Information START

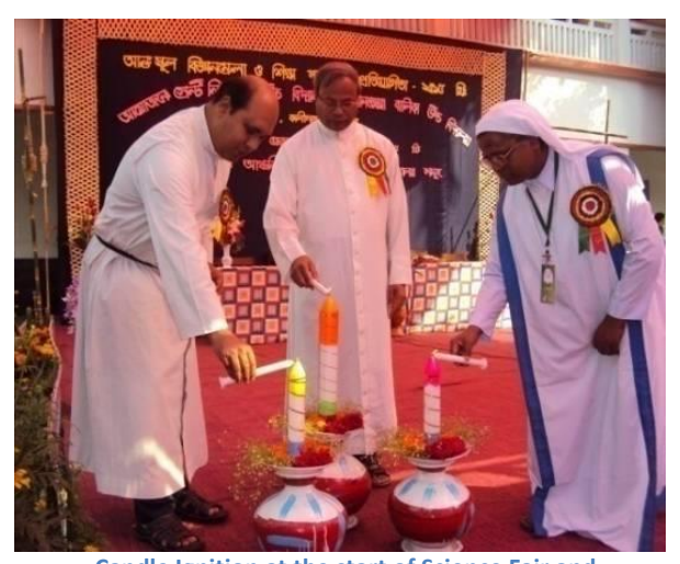
Candle Ignition at the start of Science Fair and Cultural Competition

Science fair & Cultural competition: Saint Nicholas High School has been organizing Science Fair & Cultural Competitions in Gazipur at Bhawal region for a long period of time. Accounting to its tradition, this time also we organized a Science fair & Cultural competition. The program was held from 24 to 27th of February, 2015. About 36 schools participated in the Science Fair and Cultural Competition.
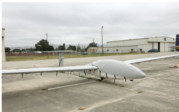
DG-505 Canopy/Nose, Wing, Empennage & Horiz. Stab. Covers

WINTER USE MATERIAL - Made with Solution-Dyed Polyester fabric, this option is intended for seasonal use to aid in deicing, rain mitigation, or for occasional travel. The material is lighter and more compact, but more susceptible to UV damage and may have a shorter useful life if used continuously outside than the all-year use material.
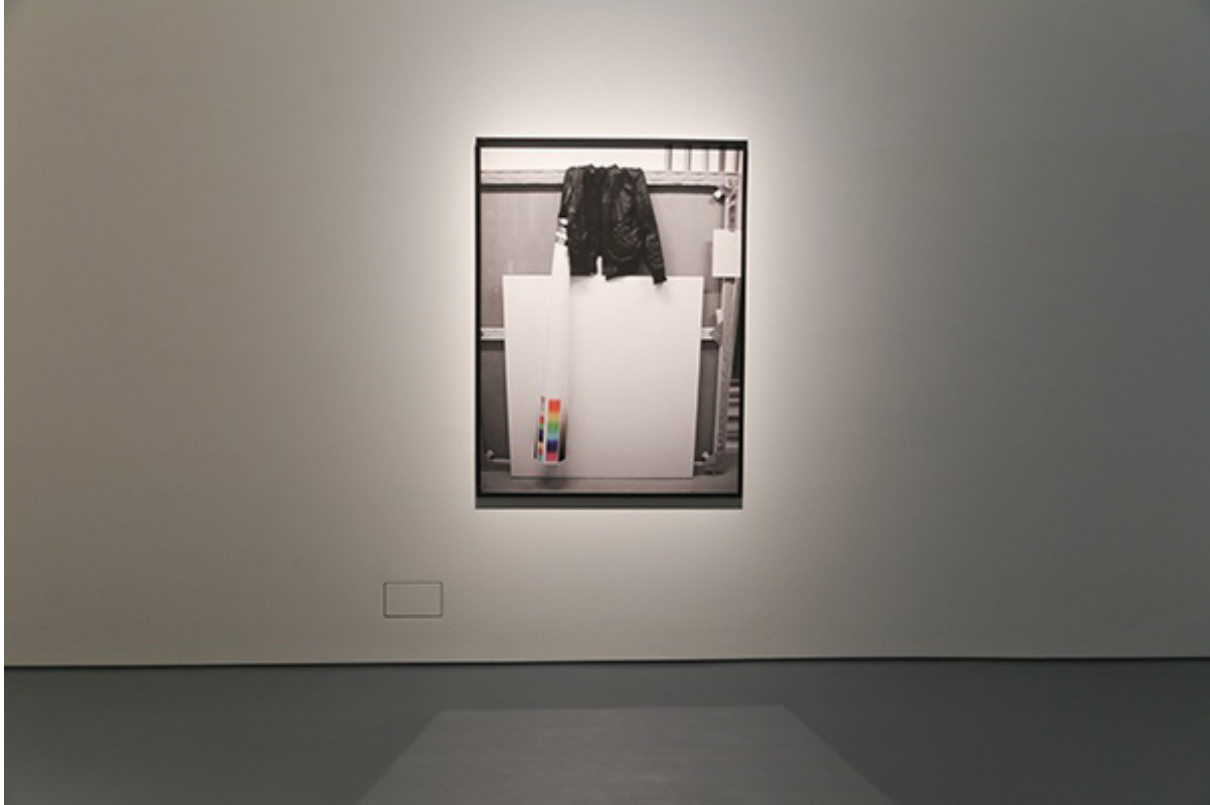
Untitled , 2012-2013

The exhibition presents an animation and video installation, a film projection, and a number of photographic collages and display forms that combine new works with remakes of previous ones from other series and exhibitions. In Afterform , 2013 (5:10 min.), the artist appropriates characters from a cartoon in a Croatian architectural magazine from the 1960s to create his first animation, with his own works inserted into the film. Projected on a screen set on a large white platform, under the rhythmic beat of what seems to be the sound of a mechanical clock, the animation presents several satirical characters playing absurd roles that involve Modernist forms: two men play a concentrated table game with rectangles; a waiter carries a building on a tray that later becomes an enlarged digital clock that crushes him; a snake charmer lures a form that successively transforms itself into the artist's works.

Information END

**Problem statement:** Instructions for the copy: start at the first entry, stop after the line containing "Science fair & Cultural competition: Saint", keep every line exact, and drop the pictures.

**Response box:**
Candle Ignition at the start of Science Fair and Cultural Competition

Science fair & Cultural competition: Saint Nicholas High School has been organizing Science Fair & Cultural Competitions in Gazipur at Bhawal region for a long period of time. Accounting to its tradition, this time also we organized a Science fair & Cultural competition. The program was held from 24 to 27th of February, 2015. About 36 schools participated in the Science Fair and Cultural Competition.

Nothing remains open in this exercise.